Fumed silica (fumed silicon dioxide) does not act as an independent flame retardant in flame retardant materials, but rather significantly enhances the flame retardant efficiency of the system through synergistic effects with phosphorus-based, nitrogen-based, or metal hydroxide flame retardants.  Its core mechanism focuses on condensed phase char formation enhancement and heat release suppression.

Synergistic Flame Retardant Core Mechanism
1. Promoting the Formation of a Dense Char Layer (Charring Enhancement)
Fumed silica nanoparticles undergo interfacial reactions with phosphorus-based flame retardants (such as APP, DOPO) or nitrogen-based components at high temperatures, providing abundant siloxane active sites to catalyze the dehydration and charring of the polymer matrix.
The resulting char layer is dense and continuous, possessing high thermal stability and low thermal conductivity, effectively isolating oxygen, combustible gases, and heat transfer to the interior of the material.
Experiments show that adding ≤1 wt% fumed silica to the polypropylene/APP system improves the integrity of the char layer, increases the oxygen index (LOI) by 2–4%, and consistently achieves UL-94 V-0 rating.

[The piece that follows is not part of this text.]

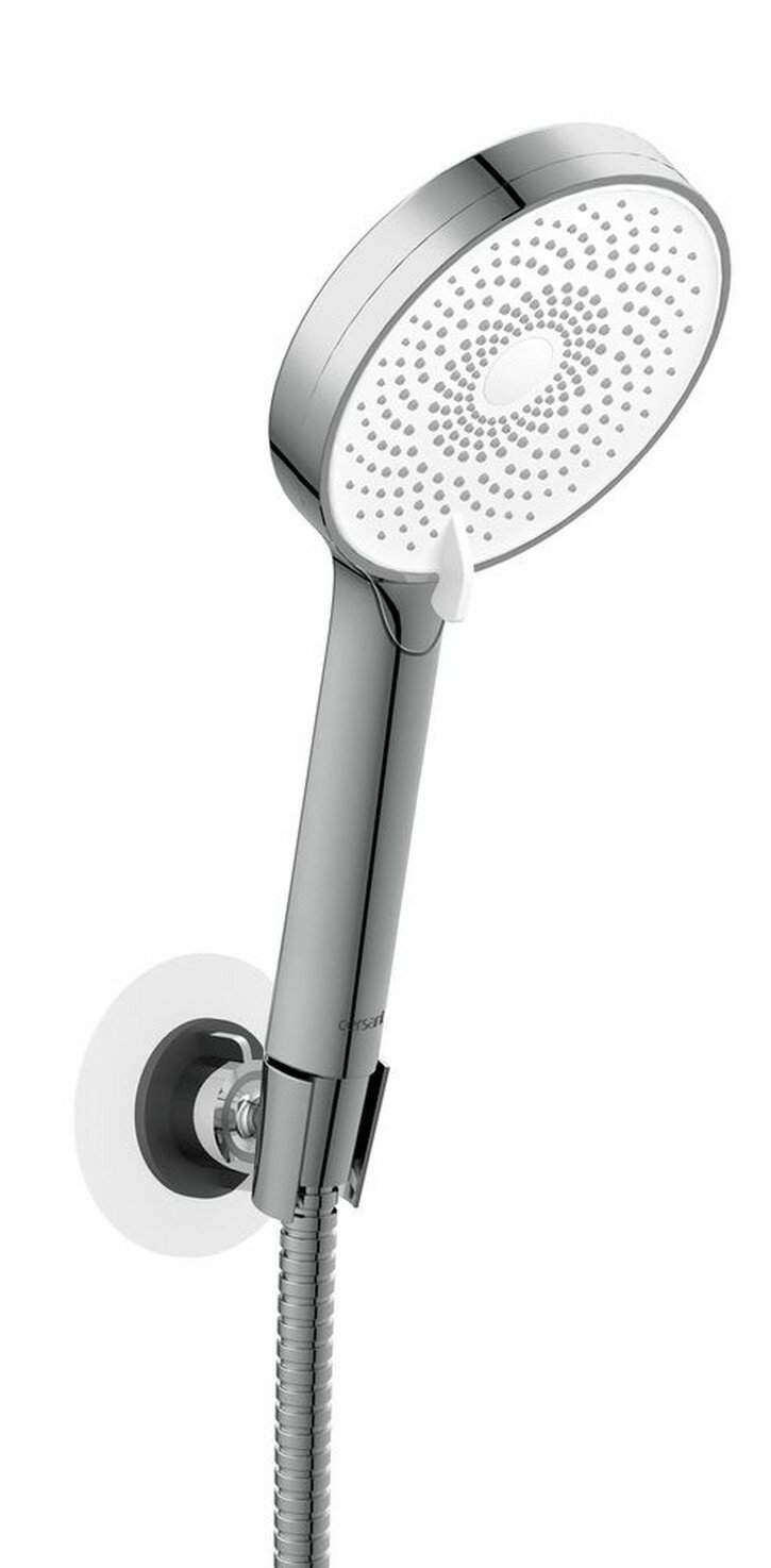 Душевой гарнитур оснащен 12-сантиметровой круглой лейкой с тремя режимами подачи воды. Режимы переключаются простым нажатием на кнопку, что делает использование душа максимально удобным и комфортным.

2. Reducing Heat Release Rate and Mass Loss Rate
The high specific surface area of fumed silica (>200 m²/g) can adsorb free radicals generated during combustion, interrupting the chain oxidation reaction.
The nanoparticles form a "thermal shielding layer" at the combustion interface, dispersing local heat flow and significantly reducing the peak heat release rate (p-HRR).
Cone calorimeter tests show that adding 0.5 wt% fumed silica to the polypropylene/APP system reduces p-HRR by approximately 23%, with a corresponding decrease in total heat release (THR).
3. Enhancing the Structural Stability of Intumescent Flame Retardant Systems (IFR)
In intumescent flame retardant systems (such as APP/pentaerythritol/melamine), fumed silica acts as a "skeleton reinforcing agent," cross-linking with carbides to form a three-dimensional network char skeleton, preventing char layer cracking and collapse. SEM observations revealed that after the addition of fumed silica, the carbon layer surface was smoother, had fewer pores, and exhibited significantly better structural compactness compared to the single IFR system.
The synthesized MCA-SiO₂ composite (melamine cyanurate-fumed silica) achieved a UL-94 V-0 rating in polypropylene, with an LOI of 32.4%, attributed to the reinforcing effect of SiO₂ on the char network.
4. Enhanced Thermal Stability and Charring Efficiency
Thermogravimetric analysis (TGA) showed that the introduction of fumed silica increased the initial decomposition temperature of the polymer by 5–15°C and significantly increased the char yield.
In the epoxy resin system, the synergistic effect of DOPO and siloxane increased the char yield by more than 40% compared to the single components, indicating that silicon elements participated in the charring reaction pathway.